Back in 2005-06, one would reasonably expect that, by July 2012, we would have a pretty clear idea of what the next console generation would look like. We would be our old hardware to rest, and developers would be refocusing their efforts towards the coming advance. With the exception of the Wii U, this does not seem to have occurred.

So what does this mean for new IPs trying to penetrate the market share of established genre benchmarks? Certainly, there are several avenues available for indie developers to market their efforts nowadays. But for large studios backed by even larger publishers, any non-sequel represents a substantial risk. This risk is multiplied exponentially at the end of a console generation, in which many gamers have already settled in with their favourite franchises, and are more than satisfied by annual instalments. That's what Ubisoft's chairman and CEO, Yves Guillemot, would argue, at least. He has recently stated that he feels his company has been "penalised" by the sluggish pace of hardware innovation, and asserts that "it's important for the entire industry to have new consoles because it helps creativity. It's a lot less risky for us to create new IPs and new products when we're in the beginning of a new generation." Guillemot would no doubt have to concede that these new IPs are often just shovelware and glorified tech demos, but there are certainly some big exceptions.
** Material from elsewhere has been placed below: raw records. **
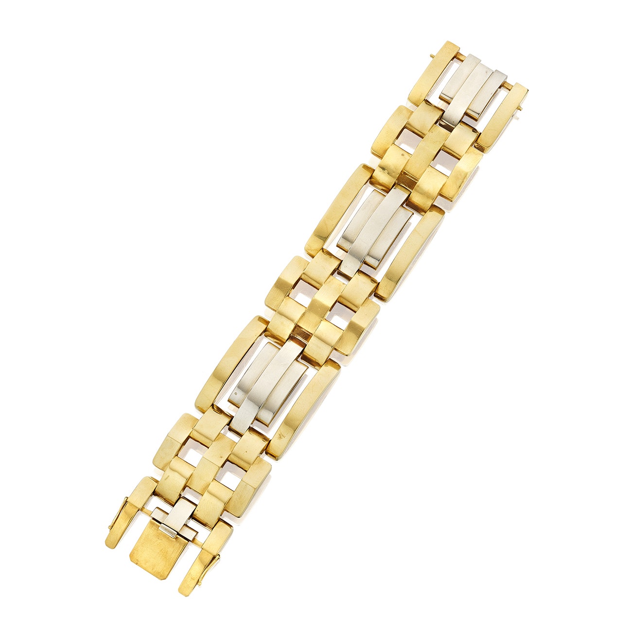 Designed as geometric links, mounted in 18K white and yellow gold, length approximately 7 1/4 inches, with French assay mark.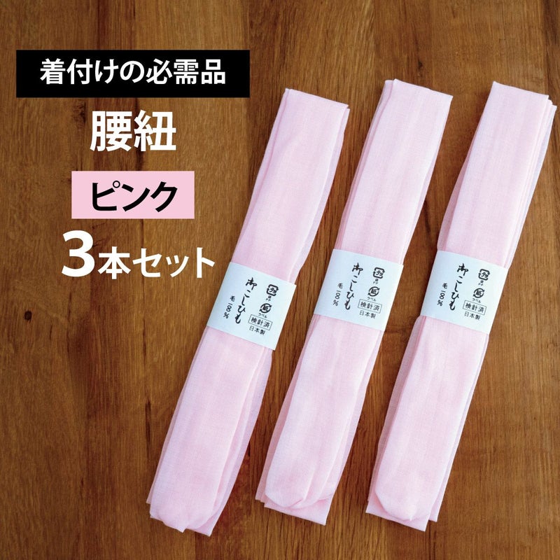 【着付けの必需品】モスリン腰紐〈ピンク・3本セット〉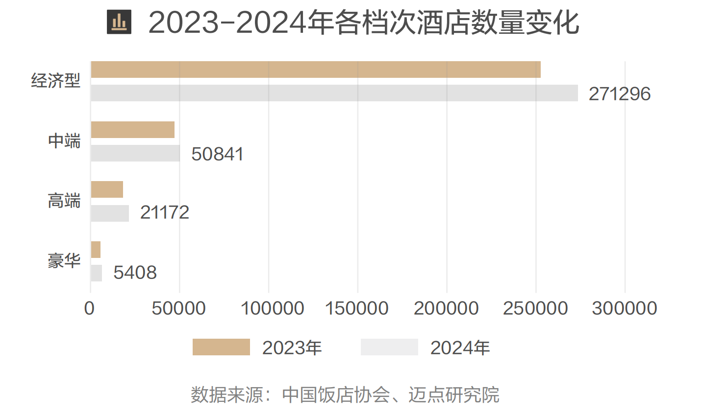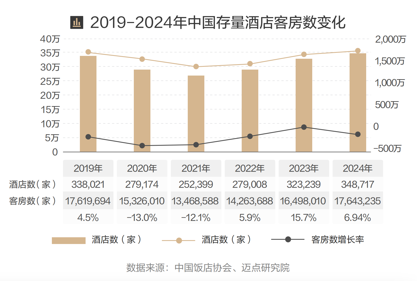 在行业发展层面:市场从“跑量”向多元化、差异化的新周期转型。近几年,酒店业市场规模呈持续增长态势。不过,2024年,酒店存量规模增长势头明显趋缓;新入局者面临更高门槛,粗放增长时代终结。酒店业正加速告别“跑量式”的传统发展路径,正式进入多元化发展、差异化竞争、精细化运营的新周期。酒店业的竞争焦点也从过去的“比规模、拼数量”,转变为如今的“比服务、拼创新、比运营”。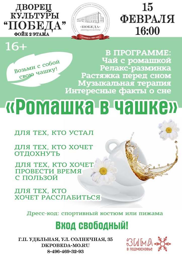 Он называется «Ромашка в чашке» и создан для тех, кто хочет отдохнуть и расслабиться, отключиться от суеты и просто помечтать!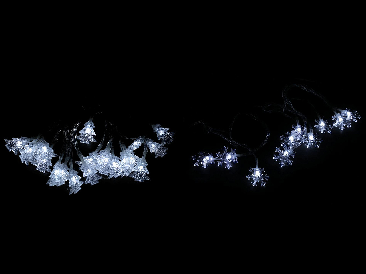 Na svetelnej reťazi nájdete 20 LED diód . Rozostup medzi jednotlivými svetielkami je 15 cm. Reťaz svieti, nebliká. Reťaz je na 3 kusy AA batérií, ktoré nie sú súčasťou. Je určená na vnútorné použitie. Priemer hviezdy je 3,5 cm a svieti studeným svetlom. Je tu 10 diód a reťaz je na 2ks AA batérií. Priemer vločky je 3 cm a svieti studeným svetlom. Rozmery stromčeka sú 2,5 x 3 cm a svieti studeným svetlom.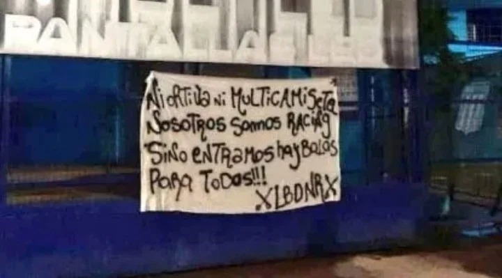 “Ni ortivas ni multicamisetas. Nosotros somos Racing. Si no entramos, hay balas para todos. LBDNR” firma la banda dirigida por parte del “Negro” Ramos, una facción de la antigua Guardia Imperial, que actualmente pelea por vuelta al poder.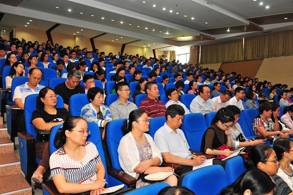 9月15日,学校在办公楼一楼报告厅召开国家自然科学(社科)基金申报工作会,校长管英俊出席会议并讲话,副校长刘军主持会议,各院(系)负责人及博士、副教授以上职称人员300余人参加了会议。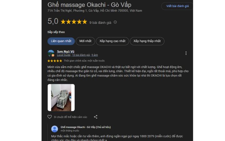 Những phản hồi này chứng minh rằng OKACHI Gò Vấp không chỉ cung cấp ghế massage chất lượng mà còn mang đến dịch vụ mua sắm đáng tin cậy và chuyên nghiệp cho khách hàng.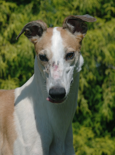 Free Bee just arrived from the Blanchard Kennel at Orange Park in Jacksonville Florida. She is a pretty tall girl for just 60lbs. She raced 142 races and was pretty good, racing at Dubuque and Bluffs Run in IA and Southland in Arkansas and Naples Ft Myers in Florida before moving to Orange Park. She was mostly a B level racer but did compete in a top level stakes race. Although she turned 4 on April 9th, Free Bee still has a cute puppy look to her. She is VERY outgoing and gives hugs and just loves people. She loves playing with other dogs and especially loves balls that squeak and toys that squeak. She can be energetic for short spurts but calms down really well in the house and just wants to put her head in your lap and be close. Free Bee's sire is the famous Kiowa Mon Manny and her dam is Boc's Mc Raisen. She has been in a foster home with a calm older yorkie and has been fine with him. She loves playing with all the other greyhounds at a playgroup. We were told that she is a pretty confident girl and can be a little bossy at times. She seems like she is going to be a fun girl for a family that wants a playful, silly, girl. She does potty well on leash and is leash walked at her foster home but she would probably do best with a fenced yard where she can chase balls and run and play since she enjoys that so much. Although she has been living with cats at her foster home they are having to keep her away from them because she is too interested in the to be comfortable with so she needs a home with no cats. Her foster home says she is the most loving dog they have had, even more loving than their personal greyhound. She is super sweet!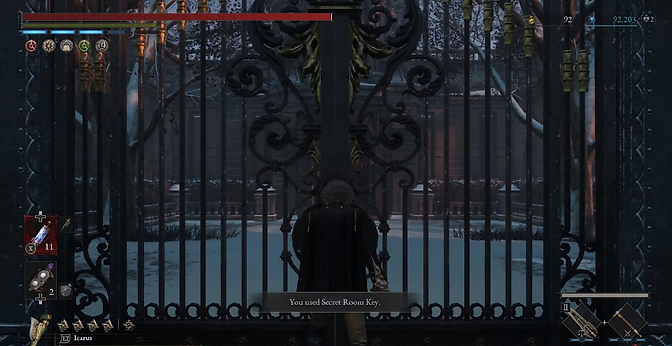 После окончания титров и возвращения в игру обязательно отправляйтесь на временную шкалу «Прошлое». Вам нужно подняться в отель «Ивентэйд Крат» и найти фруктовое дерево, украшенное золотыми монетами. Слева за этим деревом расположены ворота, которые ранее были закрыты, но теперь их можно открыть с помощью ключа от секретной комнаты. Обратите внимание на синий след из бабочек, который приведет вас прямиком туда.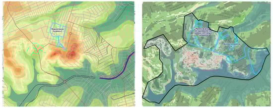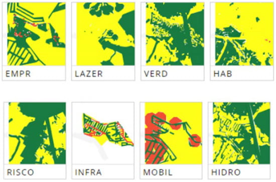 To illustrate the collection of data and the creation of these syntheses, we can use the “Housing variable”, used in in Paulo VI case study. In this case, the themes that were chosen included: presence of water bodies, which identified the areas dominated by water streaks or sources, high-voltage cables, slope inclination and buildings according to their height (using drone-generated data) and land deployment. These maps were used to separate the areas considered as an impeditive of occupation, ones where densification should be avoided, and ones which are still able to support further densification and verticalization in case residents had to be removed from high-risk areas. The evaluation models were marked in green, yellow, and red to indicate areas which were optimal for a given proposal (green), acceptable (yellow) and either inappropriate or where resources were already present (red) and were not apt to receive proposals (Figure 1).

But is a longer console generation really stifling innovation? Gearbox's Randy Pitchford doesn't think so, arguing that "We launched the first Brothers in Arms in March 2005 and we sold 3.2 million units. Xbox 360 launched in November 2005 so that's about as end of the lifecycle as you can get. And you know what else launched in November 2005? God of War." In truth, God of War launched in March of 2005, but he still makes a valid argument. For example, Okami, a critical and commercial success, was released just two months before the launch of the PlayStation 3. "You can create IP at any time," Pitchford argues. "You just have to make something that people want."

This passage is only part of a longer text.